REVIEWS: Wars that cannot be managed



By Brig (r) A.R. Siddiqi


IN his preface to the book, Brig Kar promises a “reader friendly” treatise avoiding complicated technical “aspects as far as possible”. And that is precisely where he fails. His book is virtually littered with a hoard of technical terms and their abbreviations to make it a laboured read.

In form and content the book reads more like a General Staff (GS) manual on how to wage “silent warfare” and get away with it — a task as horrifying in concept as in application. The very sub-title suggests, rather encourages, the prospect of a nuclear, chemical and biological (NCB) Armageddon. It suggests the management of its disastrous fall-out with ease and smoothness.

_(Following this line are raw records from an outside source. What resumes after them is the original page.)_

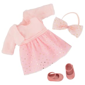 A Boneca Our Generation Miranda chegou para brilhar em qualquer ocasião! Com 46 centímetros de altura, cabelos loiros lisos e olhos azuis expressivos, Miranda é puro charme. Seu look é digno de uma estrela: ela veste um delicado vestido rosa com detalhes de estrelas douradas, uma jaqueta de pelúcia super fofa e macia, uma faixa de cabelo com laço e sapatos combinando um visual perfeito para festas, passeios e muitas aventuras encantadas!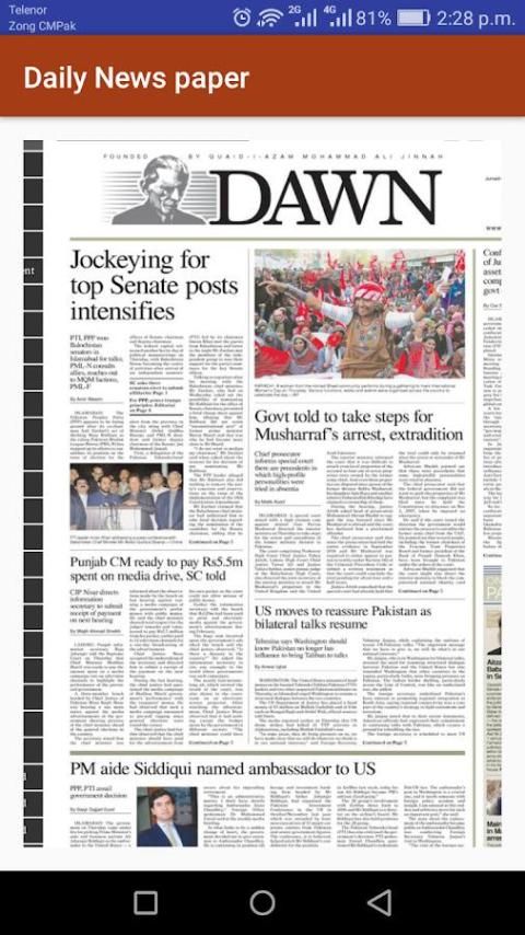 Semua surat kabar Pakistan termasuk dalam aplikasi ini.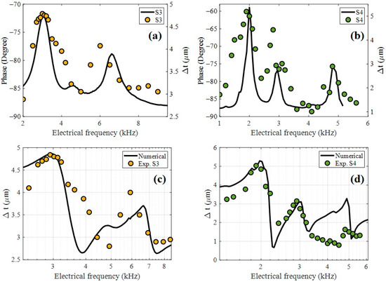 Figure 7a and Figure 7b present a comparative analysis between the impedance phase response and the interferometric strain measurements in samples S3 and S4, respectively. These results reveal a strong correlation, particularly in the acoustic frequency range. The maximum deformation Δt recorded by the interferometer (right axis) coincided with the frequency where the impedance phase exhibits a rapid transition, typically near the resonance peak. This behavior is consistent with the physical principle that, at resonance, the electromechanical coupling is maximized [28], leading to a peak in mechanical displacement and a characteristic phase shift in the electrical response. Furthermore, Figure 7c,d show the interferometric results compared with a numerical approximation based on a simplified electromechanical model of the device. The model shows good agreement with the experimental data, particularly around the dominant resonance frequency, validating both the optical calibration setup and the applicability of the equivalent circuit model for predicting dynamic strain behavior in frequency-mode operation. The piezoelectric coefficient d33 was estimated by correlating the measured strain amplitude with the model of Equations (8) and (9). The best fit to the data yielded a value of , which is in the range of the typical reported values for granular PZT ceramics [29,30] and lower than those of dense bulk materials. This result confirms the sensitivity and reliability of the combined interferometric-electrical approach for quantitatively characterizing frequency mode-piezoelectricity.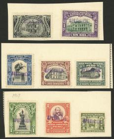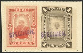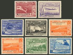 285 PERÚ - CORREO AÉREO Lote / Nuevo con bisagra N°Cat.: Sc.C25+otros MB. MUESTRAS: Sc.C25 + otros, 1936/7 8 valores de la serie impresos en colores distintos a los adoptados, con taladrado y sobrecarga "Waterlow & Sons Ltd. - SPECIMEN", del 70c. incluímos 2 (uno sin taladrar y con la sobrecarga en distinta posición), casi todos nuevos mint excepto 2 que son sin goma, MB calidad, raros! Precio inicial: US$ 100 Precio actual: US$ 100 Oferte US$ 100 o más | |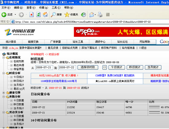 據(jù)中國站長統(tǒng)計(#)對中華陶瓷網(wǎng)訪問統(tǒng)計顯示,中華陶瓷網(wǎng)7月21、7月22日,日pv訪問量分別突破215124、212292,均突破20萬大關(guān)。以下是#統(tǒng)計截圖: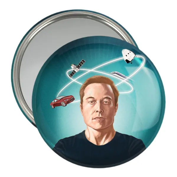 آینه های جیبی ایلان ماسک Elon Musk خندالو دایره ای به قطر 7.5 سانتی متر می باشد که نه خیلی بزرگ و غیر قابل استفاده در کیف آرایشی ست و نه خیلی کوچک که تصویر خاصی در آن مشاهده نشود. سایزی استاندارد و کارآمد دارد و مناسب قرار گیری در کیف لوازم آرایش و کیف های کوچک دستی نیز هست.
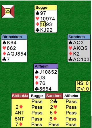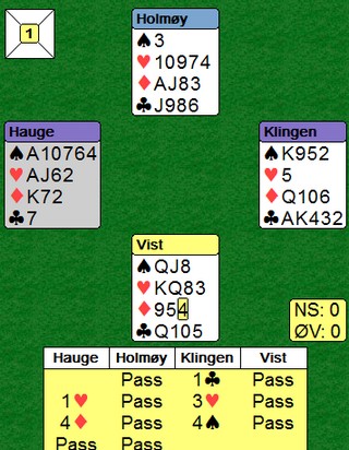 Spar til esset og spar til kongen, ingen kapp fordi en kan ikke spille mer enn to runde spar likevel. Ruter kongen, kløver ess og kløver til stjeling. Vest stjeler sikkert over, men syd får enda fint stjålet en kløver og kastet hjertertaperen på ruteresset. Bordet tar de to siste med en trumf og den trettende kløveren.

Two chapters are insidiously titled “Preparing general public” and “Hospitals for WMD” (weapons of mass destruction) simultaneously to invoke the dreadfully real prospect of the holocaust and the hopes, no matter how illusory, for the survivors — the public and the public utilities such as hospitals — to meet it effectively.

The author goes on to pose the question, “Would the preparation for a likely, almost imminent, WMD invasion lead to panic?” He admits the possibility of such awareness of “impending disasters” may cause a “certain amount of panic” among the people and yet hopes that “awareness” would prevent people from panicking when the “disaster” actually strikes. An innocently naive or overly optimistic perception when heavens actually fall.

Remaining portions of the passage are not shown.